* **Aim of the exercise**: Exactly as they appear below, repeat the lines from the one with "XIXème en plein" through the one with "Kaldiで買ったタイ米を炊". Drop every picture.

-- Data records follows --

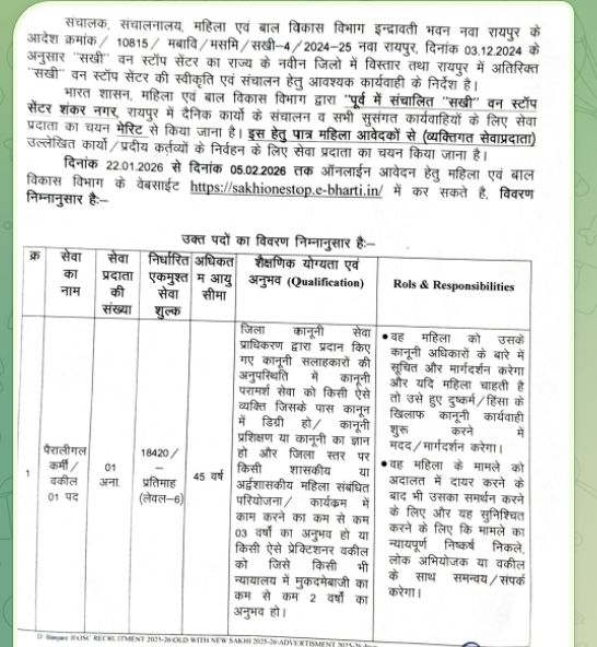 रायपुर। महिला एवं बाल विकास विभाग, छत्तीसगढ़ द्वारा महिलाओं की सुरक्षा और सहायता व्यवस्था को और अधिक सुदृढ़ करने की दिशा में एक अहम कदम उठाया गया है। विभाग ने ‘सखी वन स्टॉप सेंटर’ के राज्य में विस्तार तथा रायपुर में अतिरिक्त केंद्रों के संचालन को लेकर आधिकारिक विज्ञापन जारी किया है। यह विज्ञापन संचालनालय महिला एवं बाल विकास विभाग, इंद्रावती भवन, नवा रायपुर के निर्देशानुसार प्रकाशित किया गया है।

-- Data records concluded --
-- Data records follows --

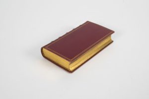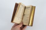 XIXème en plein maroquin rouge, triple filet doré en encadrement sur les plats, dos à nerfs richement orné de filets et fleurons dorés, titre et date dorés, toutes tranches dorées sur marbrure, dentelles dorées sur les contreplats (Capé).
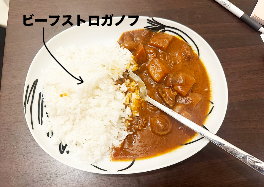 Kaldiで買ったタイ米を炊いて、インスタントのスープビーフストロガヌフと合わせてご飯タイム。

-- Data records concluded --
-- Data records follows --

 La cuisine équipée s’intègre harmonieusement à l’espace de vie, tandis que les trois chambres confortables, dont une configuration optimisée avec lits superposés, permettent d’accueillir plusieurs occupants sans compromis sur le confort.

-- Data records concluded --

* **Exercise solution**:
 XIXème en plein maroquin rouge, triple filet doré en encadrement sur les plats, dos à nerfs richement orné de filets et fleurons dorés, titre et date dorés, toutes tranches dorées sur marbrure, dentelles dorées sur les contreplats (Capé).
 Kaldiで買ったタイ米を炊いて、インスタントのスープビーフストロガヌフと合わせてご飯タイム。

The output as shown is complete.